- Born: 11 May 1920 Coventry, West Midlands, England
- Died: 23 August 2017 (aged 97)
- Allegiance: United Kingdom
- Branch: British Army
- Service years: 1941–1985
- Rank: Brigadier
- Service number: 184738
- Unit: Cheshire Regiment Glider Pilot Regiment
- Commands: 126th Infantry Brigade 1st Battalion, Cheshire Regiment
- Conflicts: World War II
- Awards: Distinguished Service Order

= Michael Dauncey =

British Army officer

Brigadier Michael Donald Keen Dauncey, DSO, DL (9 May 1920 – 23 August 2017) was a British Army officer who participated in Operation Market Garden during the Second World War.

==Military career==
Michael Donald Keen Dauncy was born in Coventry in the West Midlands on 11 May 1920, the only son of Thomas Gough Dauncey and his wife, Alice Keen. He was educated at King Edward's School, Birmingham.

===Market Garden===
On the first day of the operation, 17 September 1944, Dauncey flew a Horsa glider into Arnhem. Several days of fighting ensued, during which he sustained eye injuries.
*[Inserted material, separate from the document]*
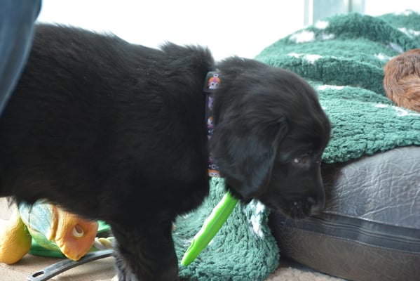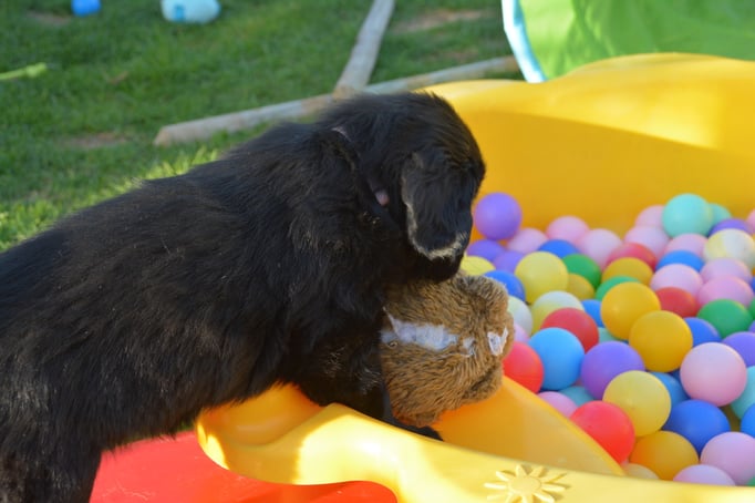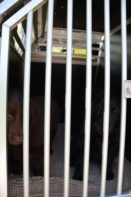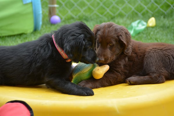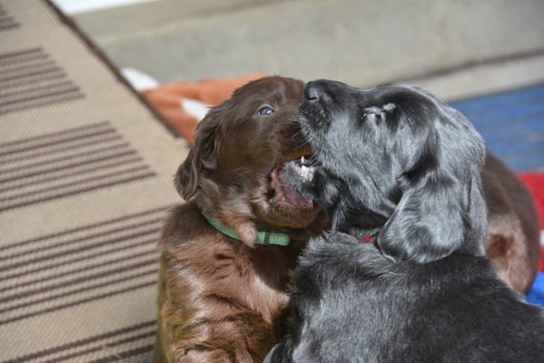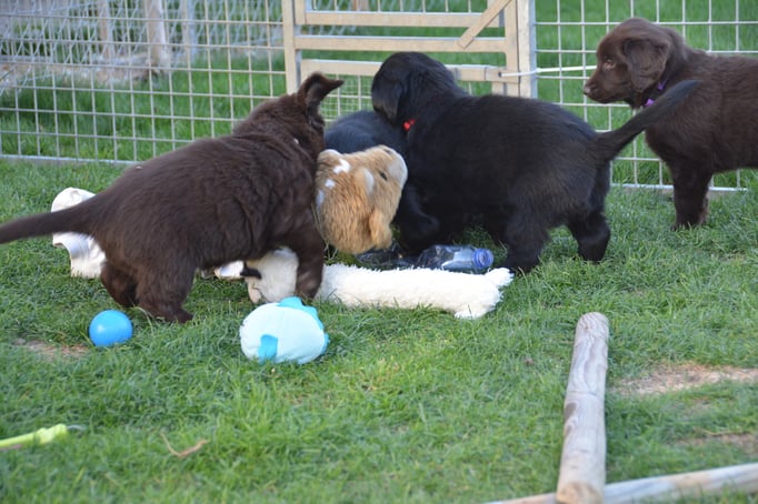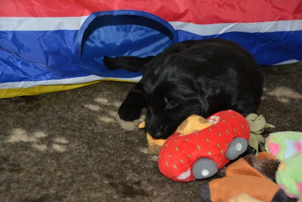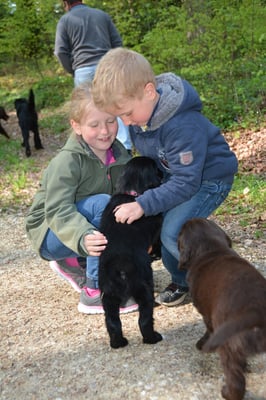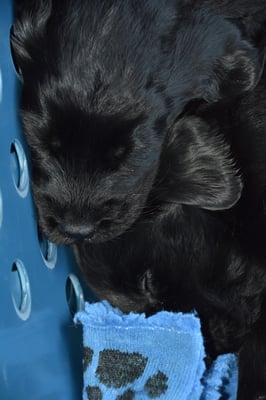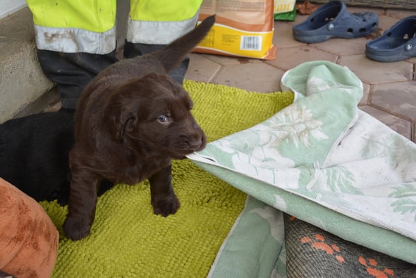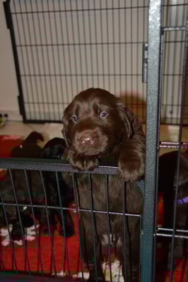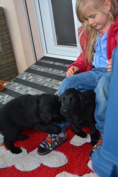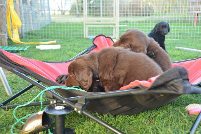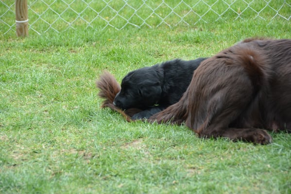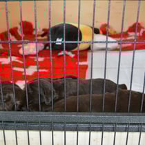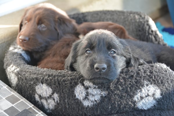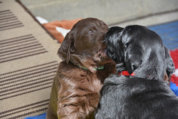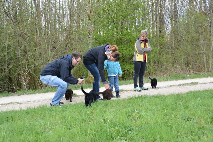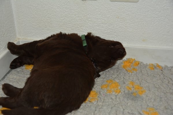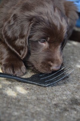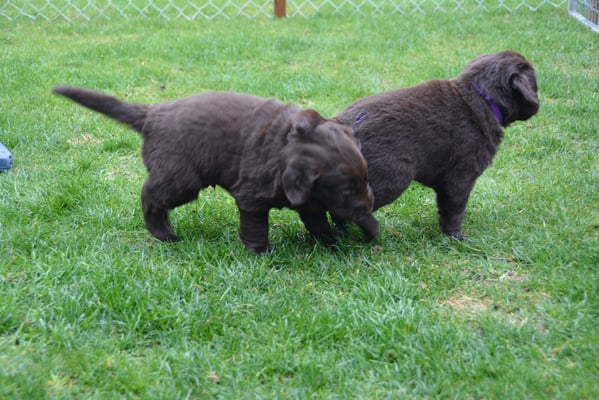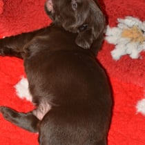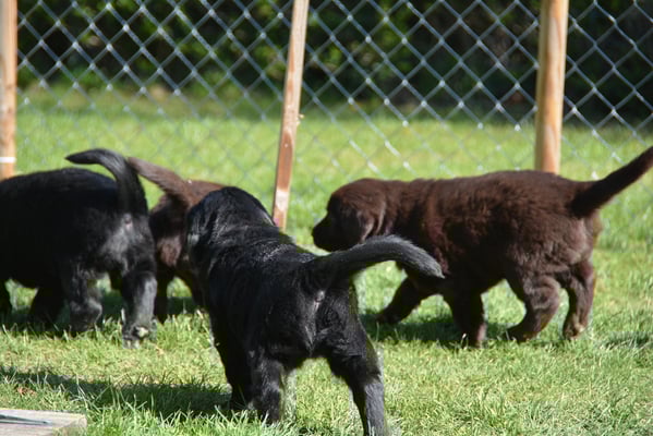 Es sind 1 schwarze Hündin, 2 braune Hündinnen, 1 schwarzer und ein brauner Rüde. Den Fünfen geht's gut sie trinken und schlafen und nehmen schön an Gewicht zu.
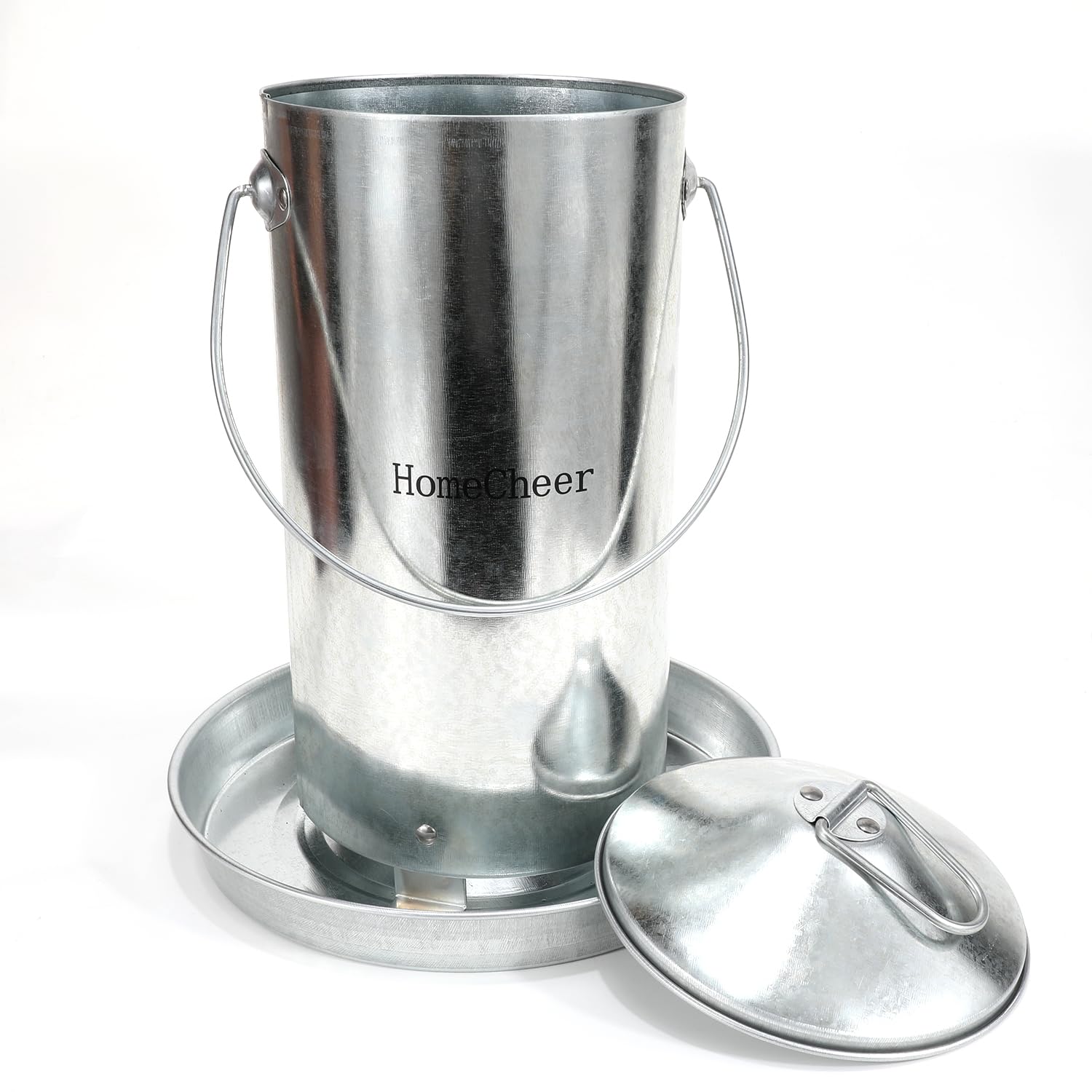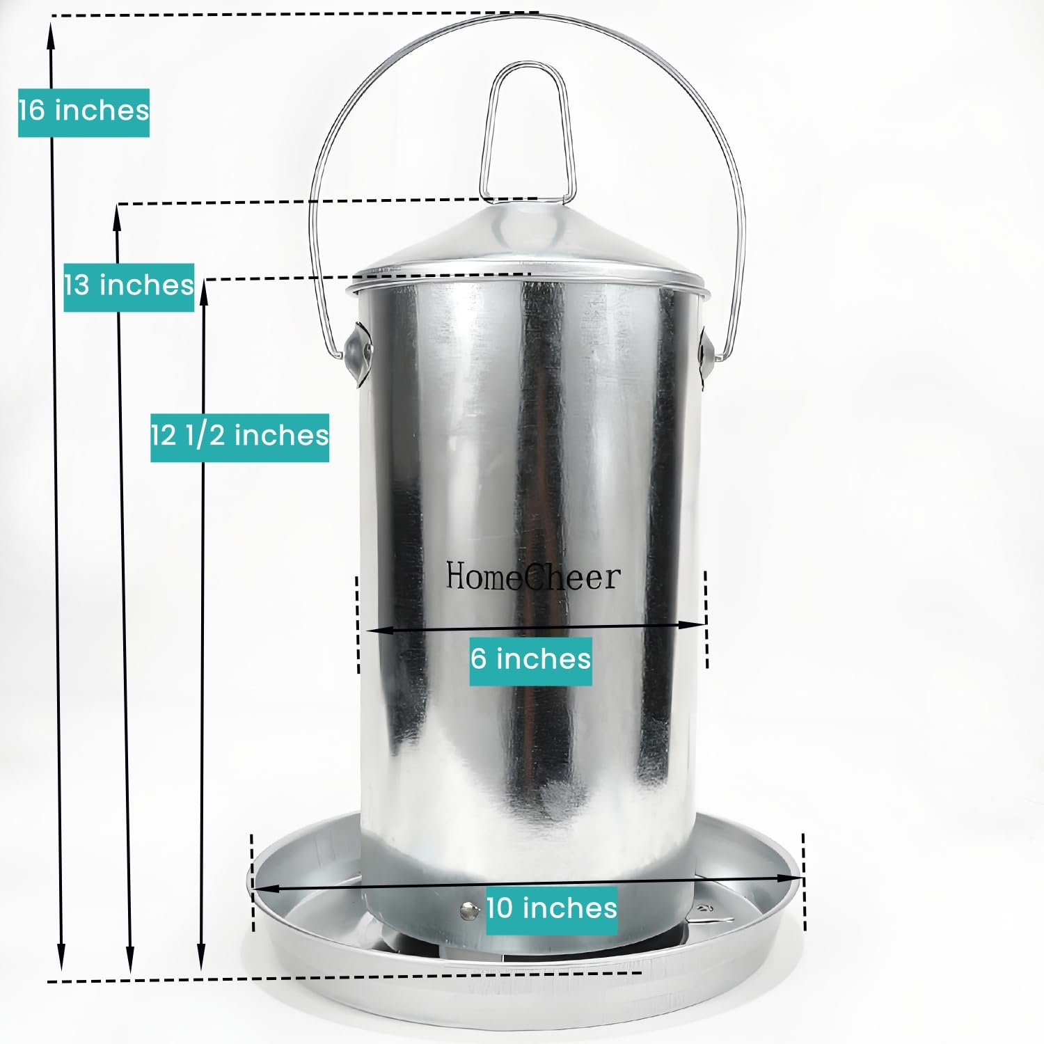 HomeCheer Galvanized Chicken Feeder with Lid - 9 Pounds Capacity - Durable and Rust-Resistant Poultry Feeder for Chickens, Ducks, and Other Poultry HC122 (9 lb)

Despite being blinded in one eye, he fought on, but was taken prisoner. With another officer he escaped from a Dutch hospital on a rope of knotted sheets and hid in the Utrecht English Parsonage for four months. He was later awarded the Distinguished Service Order for bravery shown during this battle.

==Later life==
After a number of appointments he was made Colonel of the Cheshire Regiment in 1978.

In retirement he lived in Uley, Gloucestershire, with his wife Marjorie (née Neep). He died on 23 August 2017 aged 97.